▶ _EXERCISE MATERIAL_
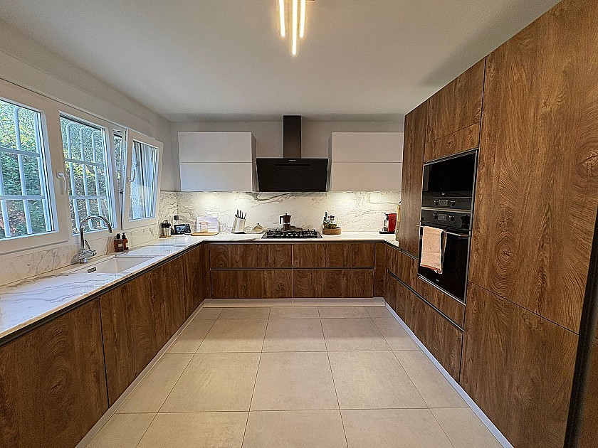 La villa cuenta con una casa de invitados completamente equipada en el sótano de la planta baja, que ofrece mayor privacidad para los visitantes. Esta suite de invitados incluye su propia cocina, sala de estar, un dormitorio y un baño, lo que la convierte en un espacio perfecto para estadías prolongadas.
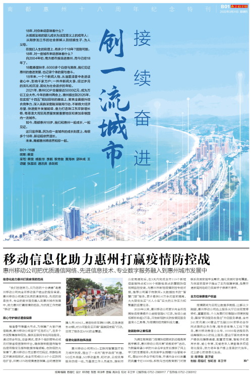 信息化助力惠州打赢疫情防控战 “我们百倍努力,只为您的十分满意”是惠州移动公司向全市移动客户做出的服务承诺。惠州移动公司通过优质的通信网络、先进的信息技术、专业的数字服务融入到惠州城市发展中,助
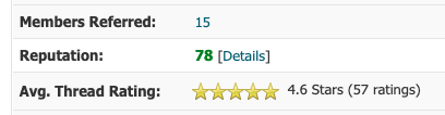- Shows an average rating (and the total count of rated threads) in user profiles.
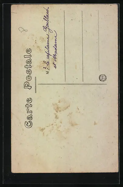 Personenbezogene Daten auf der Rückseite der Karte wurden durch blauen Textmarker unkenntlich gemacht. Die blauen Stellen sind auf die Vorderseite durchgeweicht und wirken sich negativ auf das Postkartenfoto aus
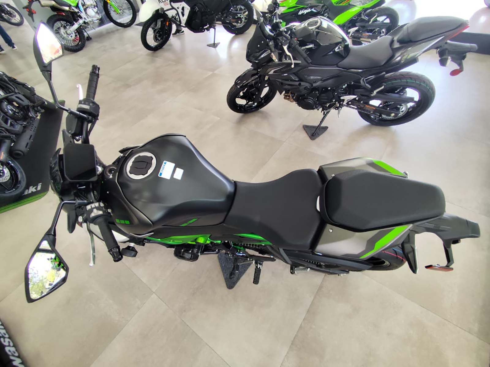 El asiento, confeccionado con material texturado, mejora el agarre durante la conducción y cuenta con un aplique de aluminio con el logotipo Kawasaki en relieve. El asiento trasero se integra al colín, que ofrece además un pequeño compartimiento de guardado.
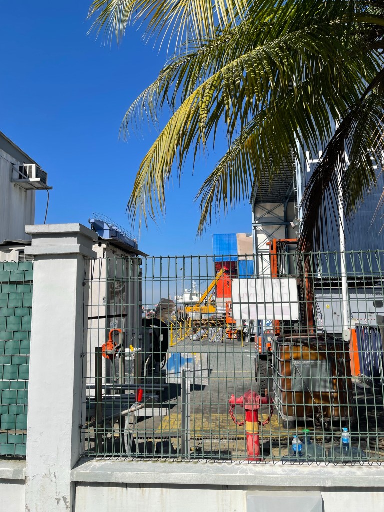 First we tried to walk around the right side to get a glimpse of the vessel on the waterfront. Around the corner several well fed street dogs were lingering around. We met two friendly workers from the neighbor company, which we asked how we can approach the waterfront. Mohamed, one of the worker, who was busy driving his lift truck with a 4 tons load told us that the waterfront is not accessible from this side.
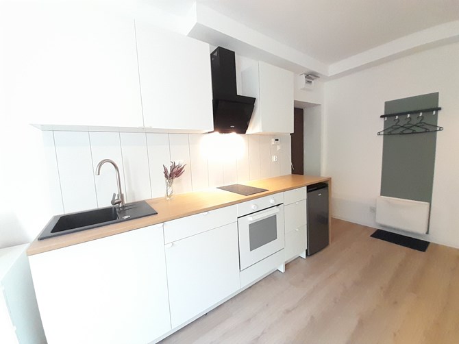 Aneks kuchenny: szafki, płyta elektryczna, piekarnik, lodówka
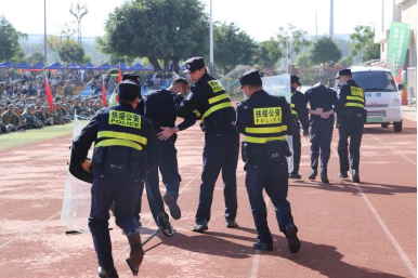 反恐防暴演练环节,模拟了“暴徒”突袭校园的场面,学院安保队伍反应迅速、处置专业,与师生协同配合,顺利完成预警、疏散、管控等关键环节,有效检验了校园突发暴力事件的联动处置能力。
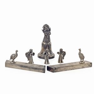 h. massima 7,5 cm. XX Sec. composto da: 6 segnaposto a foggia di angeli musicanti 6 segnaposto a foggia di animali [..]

▶ _ACTION ITEM_
Take the entries shown above and quote them verbatim, passing over the pictures.

▶ _WRITTEN ANSWER_
 La villa cuenta con una casa de invitados completamente equipada en el sótano de la planta baja, que ofrece mayor privacidad para los visitantes. Esta suite de invitados incluye su propia cocina, sala de estar, un dormitorio y un baño, lo que la convierte en un espacio perfecto para estadías prolongadas.
 信息化助力惠州打赢疫情防控战 “我们百倍努力,只为您的十分满意”是惠州移动公司向全市移动客户做出的服务承诺。惠州移动公司通过优质的通信网络、先进的信息技术、专业的数字服务融入到惠州城市发展中,助
- Shows an average rating (and the total count of rated threads) in user profiles.
 Personenbezogene Daten auf der Rückseite der Karte wurden durch blauen Textmarker unkenntlich gemacht. Die blauen Stellen sind auf die Vorderseite durchgeweicht und wirken sich negativ auf das Postkartenfoto aus
 El asiento, confeccionado con material texturado, mejora el agarre durante la conducción y cuenta con un aplique de aluminio con el logotipo Kawasaki en relieve. El asiento trasero se integra al colín, que ofrece además un pequeño compartimiento de guardado.
 First we tried to walk around the right side to get a glimpse of the vessel on the waterfront. Around the corner several well fed street dogs were lingering around. We met two friendly workers from the neighbor company, which we asked how we can approach the waterfront. Mohamed, one of the worker, who was busy driving his lift truck with a 4 tons load told us that the waterfront is not accessible from this side.
 Aneks kuchenny: szafki, płyta elektryczna, piekarnik, lodówka
 反恐防暴演练环节,模拟了“暴徒”突袭校园的场面,学院安保队伍反应迅速、处置专业,与师生协同配合,顺利完成预警、疏散、管控等关键环节,有效检验了校园突发暴力事件的联动处置能力。
 h. massima 7,5 cm. XX Sec. composto da: 6 segnaposto a foggia di angeli musicanti 6 segnaposto a foggia di animali [..]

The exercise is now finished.